Desde diciembre de 2014, informar sobre alérgenos no es una opción para los restaurantes en España. Es una obligación legal que aplica a cualquier establecimiento que sirva comida preparada, sin importar el tamaño ni el tipo de negocio.
Esta guía recoge todo lo que necesitas saber: qué exige exactamente la normativa, cuáles son los 14 alérgenos de declaración obligatoria, cómo construir tu carta paso a paso y qué pasa si no lo haces. Sin tecnicismos. Sin rodeos.
Estos son tus 3 obligaciones legales respecto a los alérgenos
El Reglamento (UE) 1169/2011 reconoce tres formas legales de informar al cliente sobre alérgenos. Puedes elegir una o combinarlas, pero debes cumplir al menos una de forma documentada.
Por escrito en la carta o el menú
La opción más directa y la que más confianza genera. Integra la información de alérgenos junto a cada plato o como documento adjunto a la carta principal.
En un documento separado accesible en el local
Puede ser un dossier, un tablón o una carpeta disponible en la barra o en la sala. Tiene que estar a mano cuando un cliente lo pida, no guardado en la trastienda.
Por vía digital o electrónica
Un sistema QR, una pantalla o una plataforma digital son válidos siempre que el cliente pueda consultarlos en el momento y el sistema esté disponible durante todo el horario de servicio.

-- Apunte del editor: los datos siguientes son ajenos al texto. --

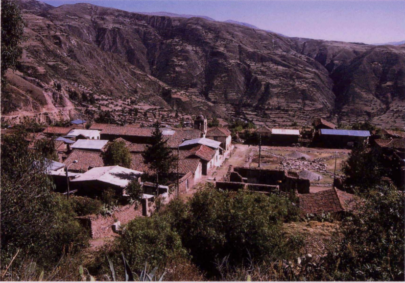
Foto. 7 Pueblo de Paucaray, Prov. Sucre 1997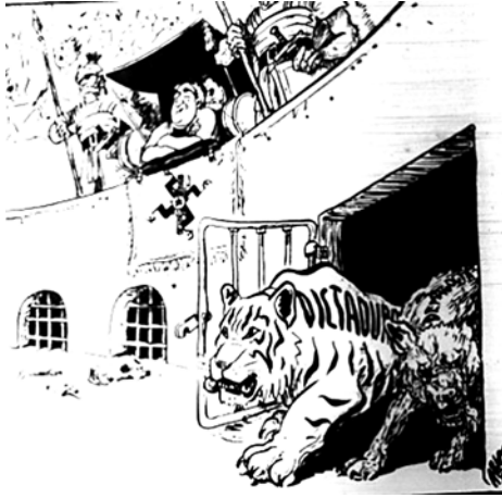
Figura 2. «...en el circo máximo de Buenos Aires...».

Fuente: Aldor, «Persecuciones», El Tiempo, Bogotá, 17 de junio de 1955, 4.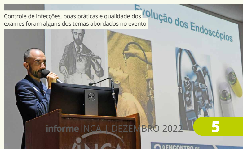
Controle de infecções, boas práticas e qualidade dos exames foram alguns dos temas abordados no evento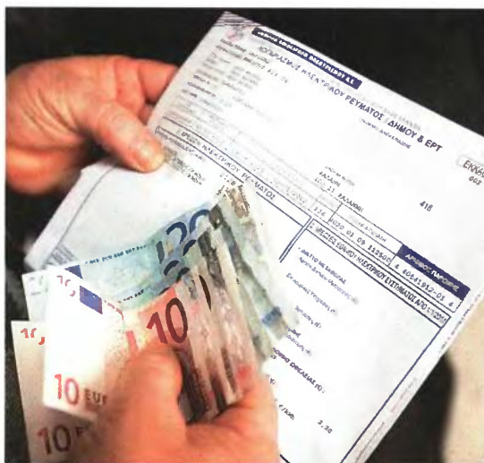
▲ ΣΤΑ ΚΑΤΑΣΤΗΜΑΤΑ της ΔΕΗ διανέμεται μόνο ενημερωτικό υλικό και δεν υποβάλλονται αιτήσεις για το Κοινωνικό Τιμολόγιο

■ Ατομα που χρήζουν μηχανικής υποστήριξης: Ατομα που χρησιμοποιούν μηχανική υποστήριξη ή άτομα που τα βαρύνουν προστατευόμενα μέλη που χρησιμοποιούν μηχανική υποστήριξη, με ετήσιο οικογενειακό εισόδημα μικρότερο από το ποσό των 30.000 ευρώ και με τετραμηνιαία κατανάλωση από 200 kWh. Οι καταναλώσεις, πέραν των 2.000 kWh, θα τιμολογούνται με το οικιακό τιμολόγιο ΔΕΗ, όπως ισχύει κάθε φορά.

Hay un matiz importante que muchos restauradores desconocen: la información verbal está permitida, pero solo si existe un documento escrito o electrónico de respaldo que el personal pueda consultar en cualquier momento y que Sanidad pueda revisar en una inspección. Decirlo de palabra sin ningún papel detrás no cumple la ley.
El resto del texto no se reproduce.